Just for background, for literally most of my adult life I've had moderate hip pain on the left side near the psoas area. It manifests sharply when I bring my left knee up to my chest and then inwards.

Well this always screws up my squats because as I get down, the hip pain kicks in sharply, so it forces me off to the right to ease the pain. I usually try to consciously correct the leaning, but it's hard because my body has been wanting to do it for years.

The other night I found something good but very very odd.

I was waiting in between sets, and I saw the leg raise station. I never do them, but I had been getting more flexible and I wanted to see how good my form was with the new range of motion. Well my form rocked, and I pumped out 10 good ones. Then I go to do squats, and hot dog the pain wasn't there that time. It was so weird having no pain, it took me a few reps to actually finally start settling down in the middle between my legs. But it was great. I was stronger too.

The tightness/pain came back slowly a few minutes later. So I've discovered that doing leg raises temporarily nulls my hip pain. Weird. This confirms that it's my hip flexors, which I strongly suspected. Anyone heard of this ever?
 
How do you do this leg raise exercise?
 
I have had similar pain for like 20 years. Gets bad sometimes with squats and has fucked up my form for years. My hips are very inflexible despite frequent stretching. I have to squat with a really wide stance or I can't go deep.
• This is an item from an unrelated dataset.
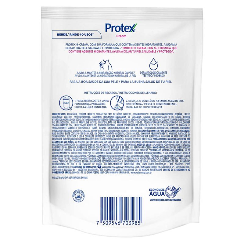 Sabonete Líquido Protex Cream Refil 200ml – Cuidado e Proteção para Sua Pele Experiência de limpeza suave O sabonete líquido Protex Cream foi desenvolvido para proporcionar uma limpeza eficaz e ao mesmo tempo suave para a pele. Este refil de 200ml é uma excelente opção para quem busca praticidade, mantendo seus dispensers sempre abastecidos com um produto de qualidade reconhecida. Com sua fórmula especial, promove uma sensação refrescante e limpeza profunda, removendo impurezas e deixando a pele com um aroma agradável. Benefícios da fórmula Protex O Sabonete Líquido Protex Cream é formulado para oferecer proteção bacteriana, sempre cuidando do bem-estar da sua pele. Ele ajuda a combater germes e bactérias, sendo uma escolha ideal para o uso diário. Com pH balanceado, é apropriado para todos os tipos de pele, garantindo que mesmo os mais sensíveis possam utilizar sem preocupações. O produto é enriquecido com agentes hidratantes que ajudam a evitar o ressecamento, promovendo uma sensação de maciez após o uso. Ideal para toda a família Prático e versátil, este refil de sabonete líquido é ideal para uso em casa, no trabalho ou até mesmo em ambientes públicos, como escolas e academias. Sua apresentação em embalagem de 200ml facilita o armazenamento e a troca, permitindo que você mantenha sempre à mão um sabonete de qualidade. Além disso, o refil contribui para reduzir o desperdício, sendo uma escolha consciente e sustentável.

Please post if you experience anything different with this....
 
wnt2bBeast said:
do ultra wide sumos
even the girl hip machines too

I highly suggest against this...back when I had hip dysfunction (sounds exactly similar to casualbb's) I tried a set of wide sumos (since I couldn't squat properly) and it put my hip out of commission for a month.

Casual, this is a just a trial since I can't see you in person, but would you try this warmup routine, and then try squatting to see if there is any difference:

Cobra on Elbows - 1 minute
Static Extension - 2 minutes
Runner's stretch - 1 minute each side (put your hands on a bench or something if the floor is too much stretch)
Downward dog - 1 minute
Airbench - 2 minutes (tilt your pelvis to round your lower back against the wall, that way the thighs support the trunk properly)

I'd like some feedback, though I imagine you might need something more extensive. Try it, though.
 
Debaser said:
I highly suggest against this...back when I had hip dysfunction (sounds exactly similar to casualbb's) I tried a set of wide sumos (since I couldn't squat properly) and it put my hip out of commission for a month.

Casual, this is a just a trial since I can't see you in person, but would you try this warmup routine, and then try squatting to see if there is any difference:

Cobra on Elbows - 1 minute
Static Extension - 2 minutes
Runner's stretch - 1 minute each side (put your hands on a bench or something if the floor is too much stretch)
Downward dog - 1 minute
Airbench - 2 minutes (tilt your pelvis to round your lower back against the wall, that way the thighs support the trunk properly)

I'd like some feedback, though I imagine you might need something more extensive. Try it, though.

Thank you for the links. I am going to try those today.

Although I don't have any hip pain, I'm always looking for some good stretches, especially before squatting/deadlifting.
 
Debaser said:
I highly suggest against this...back when I had hip dysfunction (sounds exactly similar to casualbb's) I tried a set of wide sumos (since I couldn't squat properly) and it put my hip out of commission for a month.

Casual, this is a just a trial since I can't see you in person, but would you try this warmup routine, and then try squatting to see if there is any difference:

Cobra on Elbows - 1 minute
Static Extension - 2 minutes
Runner's stretch - 1 minute each side (put your hands on a bench or something if the floor is too much stretch)
Downward dog - 1 minute
Airbench - 2 minutes (tilt your pelvis to round your lower back against the wall, that way the thighs support the trunk properly)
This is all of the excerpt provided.